Thanksgiving Getaway: 46.3 Million To Hit The Road
Low gas prices means more families are traveling for the holidays
The good news for Thanksgiving travelers: the price of gas is at five-year lows. The bad news: a lot more people will be on the road.
During the long holiday weekend, 46.3 million Americans are expected to go 50 miles or more from home, the highest number since 2007, according to travel agency and car lobbying group AAA. That would be a 4.2 percent increase over last year.
While promising for the travel industry, the figure is still 8.5 percent short of the 50.6 million high point reached in 2007, just before the recession.
Like on every other holiday, the overwhelming majority of travelers - almost 90 percent - will be driving.
The numbers on the gas station signs will be much kinder this year. AAA says the average retail price for gasoline is $2.85 per gallon, 43 cents cheaper than Thanksgiving Day last year. With the average car getting 18.5 miles per gallon, that means a family driving 300 miles will save $6.97 in fuel this holiday.
Those flying won't be so lucky.
Average airfares are $307.52, up 1.1 from last year, according to the Airlines Reporting Corp., which processes ticket transactions for airlines and travel agencies. That figure doesn't include an average of $51 in additional taxes and fees that passengers pay.

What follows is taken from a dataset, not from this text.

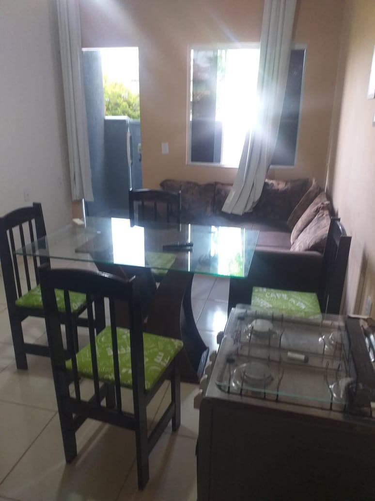 Casa mobiliada, segura e arejada. 2 quartos espaçosos com persianas anti-alérgicas, telas mosquiteiras e grades nas janelas, quintal gramado, churrasqueira, portão automático, interfone, INTERNET 400MB. Quarto I c/ cama Queen Size e split, quarto II com 3 camas de solteiro, ar condicionado. Sala com SmartTV 40"c/IPTV), ventilador teto, ventilador pedestal e sofá, cisterna , caixa d'água com bomba automática. Enxoval e utensílios domésticos completo. Aceitamos Pet de pequeno porte.
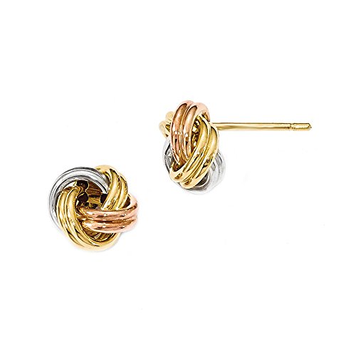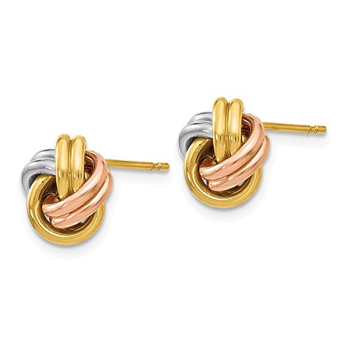 The well-shaped 14k gold tri-color Love Knots are woven from strong pairs of polished gold tubes

There will be 12.3 million roundtrip passengers, globally, on U.S. airlines during the holiday travel period, up 1.5 percent from last year, according to the industry's lobbying group, Airlines for America. (AAA's forecast shows fewer numbers of fliers because it looks at a five-day period while the airline group looks at the 12 days surrounding Thanksgiving.)
Those travelers staying at hotels will also spend more than last year. The average room rate so far this year is $115.85, up 4.6 percent from the same prior last year, according to travel research firm STR.
If you're among the Thanksgiving travelers driving to your destination, Wednesday's getaway traffic produces the gnarliest snarls from 3 p.m. to 5 p.m. in most areas, according to analysis of the roads in 21 major U.S. cities by Google Inc. The Internet company drew its conclusions by following the locations of smartphones that used its Android operating system and popular mapping service during the week of Thanksgiving in 2012 and last year.
For those driving on Thanksgiving day, the most congestion crops up from noon to 2 p.m., according to Google.
The worst time to drive back home typically is the Saturday after Thanksgiving when Google concluded the average traffic is about 40 percent higher than on the Sunday after the holiday. Pittsburgh was the city among the 21 studied by Google where the traffic was slightly heavier on the Sunday after Thanksgiving than on the Saturday.
Last year's biggest Thanksgiving-week traffic spikes occurred in Philadelphia, Austin, Texas, Washington D.C. and Dallas, according to Google. Denver, Boston, Providence, Rhode Island and Seattle registered the smallest changes in traffic.
Even if you aren't leaving of town, expect long lines when stocking up on food and drink on the day before Thanksgiving. Google says the most searched categories on its mapping service during the past two years have been "ham shop," ''pie shop" and "liquor store."
Once Thanksgiving dinner is done, people turn their attention to the next big holiday. The Friday after Thanksgiving ranks among the busiest shopping days of the year as gift-givers seek out bargains. And one of the top terms entered into Google's maps that day is "Christmas tree farm."